1948. Winston Churchill

In the ""Psalm"" format commonly used by Churchill for his reading copies of speeches

“And how ill-timed is this new conversion of the government to what I told them three years ago. They could hardly have hit it off worse. In fact, it is the record of misfits. When the world was safe on the morrow of our victory. The government and the admiralty squandered our money on keeping up a vast strength against nothing. Now that danger revives, they are found in the process of casting away the numbers and strength of our forces…”

 

An extraordinary rarity, being just the second time we have seen a Churchill speech to Parliament reach the marketplace. We also carried that previous one

The ministerial post of First Lord of the Admiralty is the civilian head of the Royal Navy. Winston Churchill was appointed to the coveted post in late 1911 and he took it up with great gusto. Churchill adored Navy life aboard the Admiralty yacht Enchantress and after taking office he set out to visit every capital ship and every Royal Navy base in the British Isles. He spent eight months of his first twelve in office aboard the yacht.
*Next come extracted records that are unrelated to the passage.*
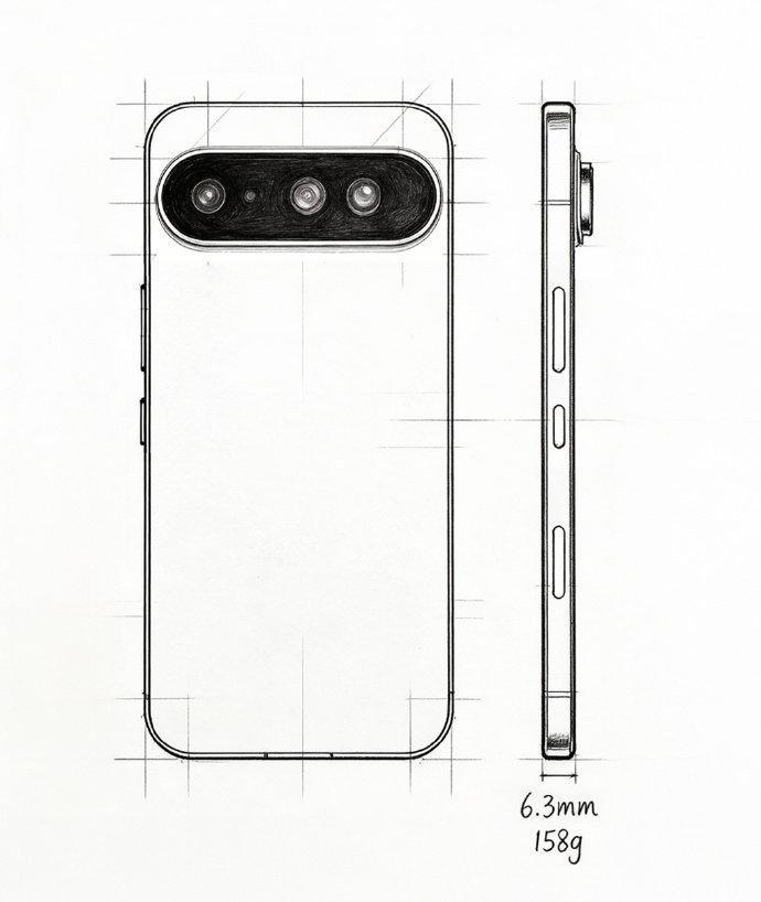 根据曝光线稿及参数信息,该机厚度仅 6.3mm,重量控制在 158g,却搭载了 1/1.3 英寸 Pro 级大底主摄,兼顾轻薄与影像性能。
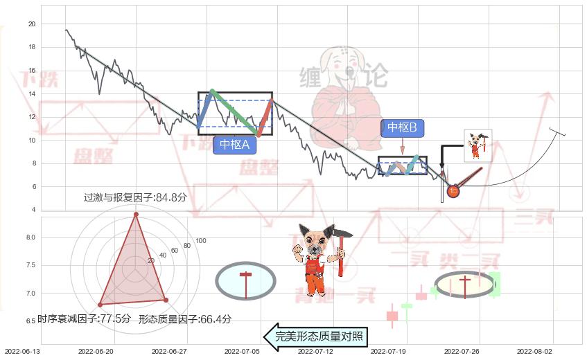 ➣ 【中枢B】:2022-05-27-2022-06-28,中枢由4笔构成,共22交易日, ZG=8.02, ZD=7.14
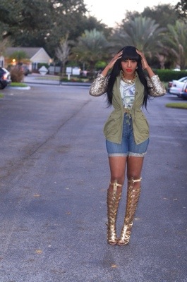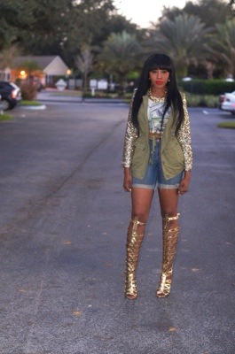 @pinksuedeme : Gold Sequin Sleeve Military Jacket Click Here
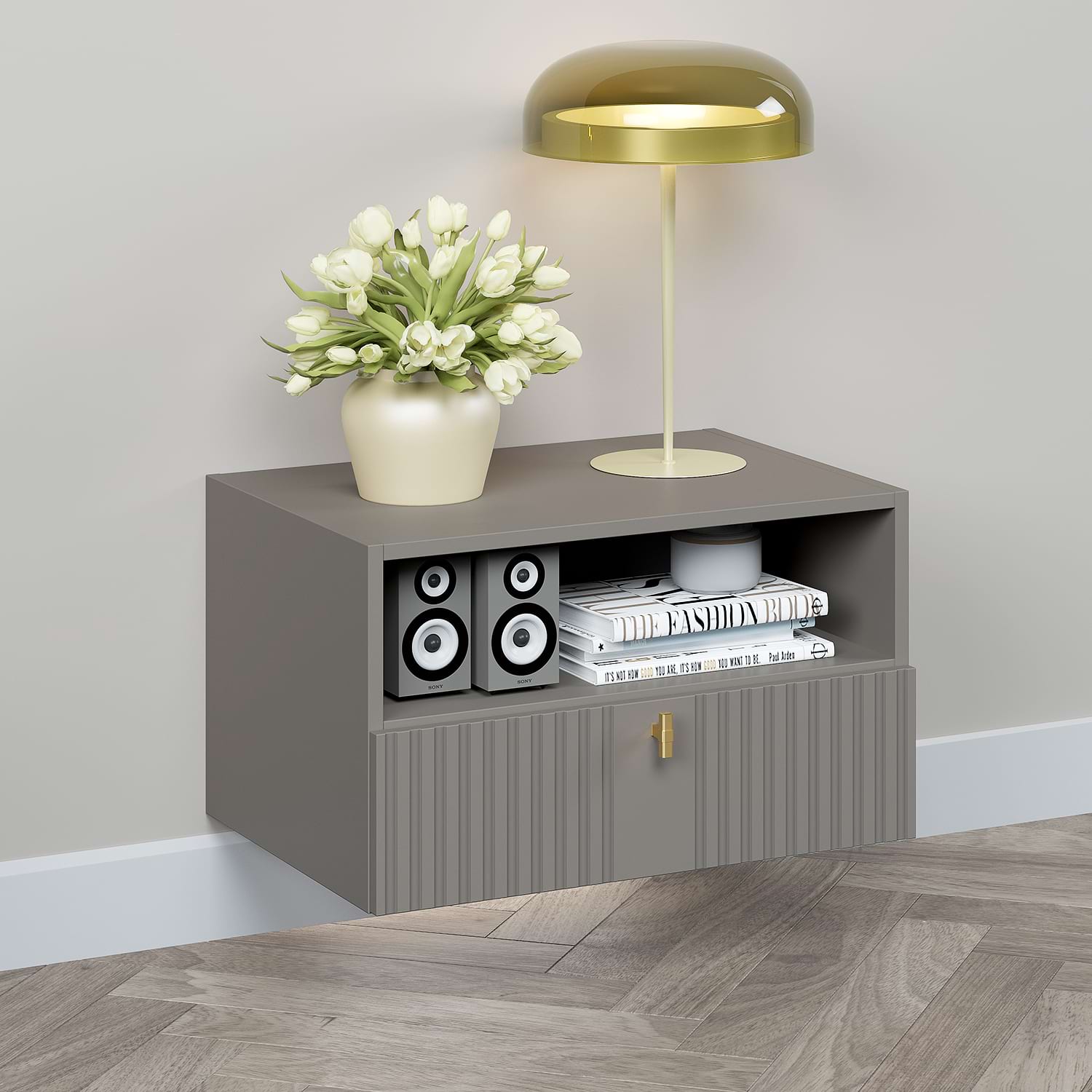 Exclusiv TAMOS! Fabricat in ROMANIA!Noptiera suspendata cu front MDF riflat – personalizabila, funcționala si eleganta!Redefineste stilul dormitorului tau cu o piesa de mobilier ce imbina designul contemporan cu funcționalitatea si calitatea materialelor! Noptiera noastra cu front din MDF frezat tip riflaj si finisaj vopsit gri piatra aduce o nota sofisticata in orice incapere. Caracteristici + Configurare flexibilaCarcasa solida din PAL de 16 mm – Durabila si stabila, in nuanțe neutre usor de integrat.Asamblare un sistem rastex/cama si cepi de lemnPFL inserat in nut pentru un plus de rezistențaSertare cu glisare soft-close – Inchidere silențioasa si confort zilnic.Glisiere cu bile Hafele Matrix BB S30, cu extragere totala si amortizare integrata (lungime 35cm)Sistem de suspendare dulap cu reglaj – Stabilitate pe orice perete!Sistem suspendare dulap Hafele capacitate portanta 150 kg/perecheButoni metalici Made in Italy – Detaliu sofisticat, nu plastic!Configurație flexibila:– Culoare fronturi, butoni si picioare la alegere – Opțiune suspendare pe perete – Opțional: iluminare LED ambientala pentru un efect wow! Dimensiunilungime: 60cmlatime: 42cminaltime: 35cm MaterialeCarcasa – PAL melaminat Gri Piatra U727 ST9 Egger 16mmFronturi – MDF 16mm frezat tip riflaj R1, vopsit mat Gri PiatraDe ce sa alegi aceasta noptiera?Design personalizabil: Se potriveste perfect stilului tau – alege nuanțele care completeaza decorul dormitorului.Materiale premium: Detaliile fac diferența – de la fronturile riflate la butonii metalici.Funcționalitate maxima: Sertarele spațioase cu soft-close, picioarele reglabile si opțiunea de suspendare o fac potrivita pentru orice nevoie.Montaj usor si livrare rapida. Garantie producator 24 luni Livrare GRATUITA in toata Romania…
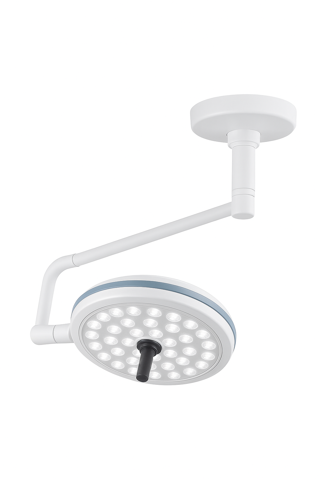 This operating light is a sleek, modern ceiling-mounted LED lamp designed to make surgical procedures safer, clearer, and more comfortable for both doctors and patients. It hangs gracefully from a single adjustable arm, which allows medical staff to position the light exactly where they need it with minimal effort.
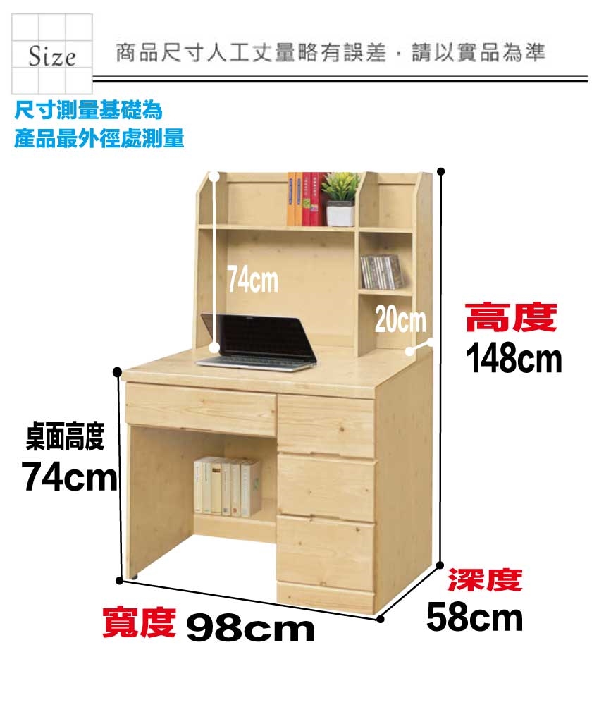 產品名稱:【綠家居】歐瑞實木3.3尺四抽書桌組合 - 尺寸:(寬)98x(深)58x(高)148/公分
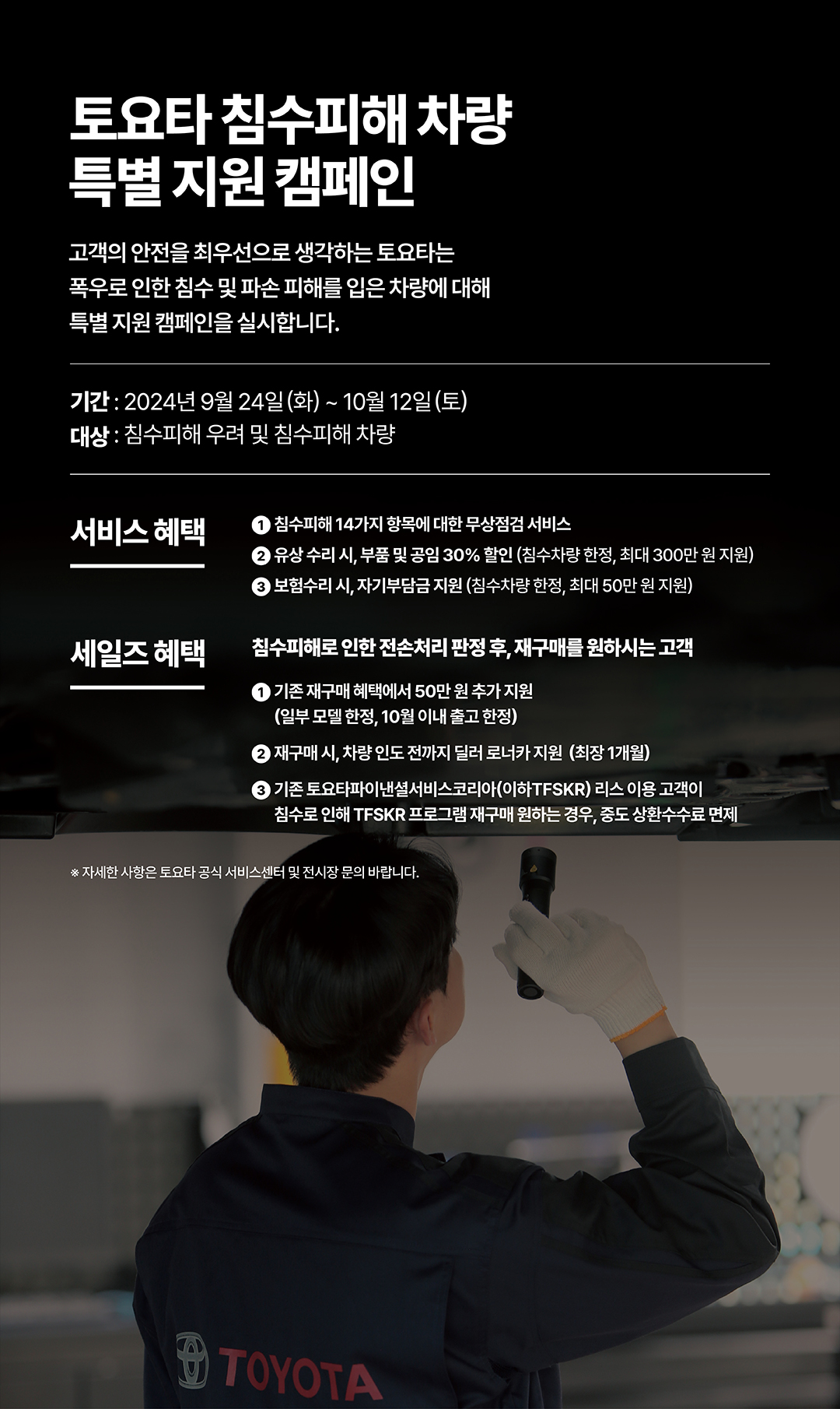 폭우로 인한 침수 및 파손 피해를 입은 차량을 대상으로 특별 지원 캠페인을 실시합니다.

Churchill was instrumental in reshaping the Royal Navy, with larger more powerful ships and modernizing them from coal to oil. His moves proved instrumental in preparing the Royal Navy for the First World War. He was removed from his post in 1915 over the Gallipoli disaster, for which, though not at blame, he was used as a fall guy.

Churchill served as Chancellor of the Exchequer from 1924-1929, when the Conservatives lost office at the 1929 General Election. This began his ’wilderness years’, which lasted until 1939, when he held no cabinet office but was a constant and often much-ridiculed voice crying out about the danger from the Nazis and insisting on preparedness. The period of Churchill’s exile ended when the Germans invaded Poland on September 1, 1939. It was now clear that Churchill had been right all along. On the day that the British declared war, Churchill was brought back into government. This would be the second time he would be appointed to the office of First Lord of the Admiralty. Upon hearing the news, the Royal Navy’s Board of the Admiralty sent out a signal to the fleet, ‘Winston is back!’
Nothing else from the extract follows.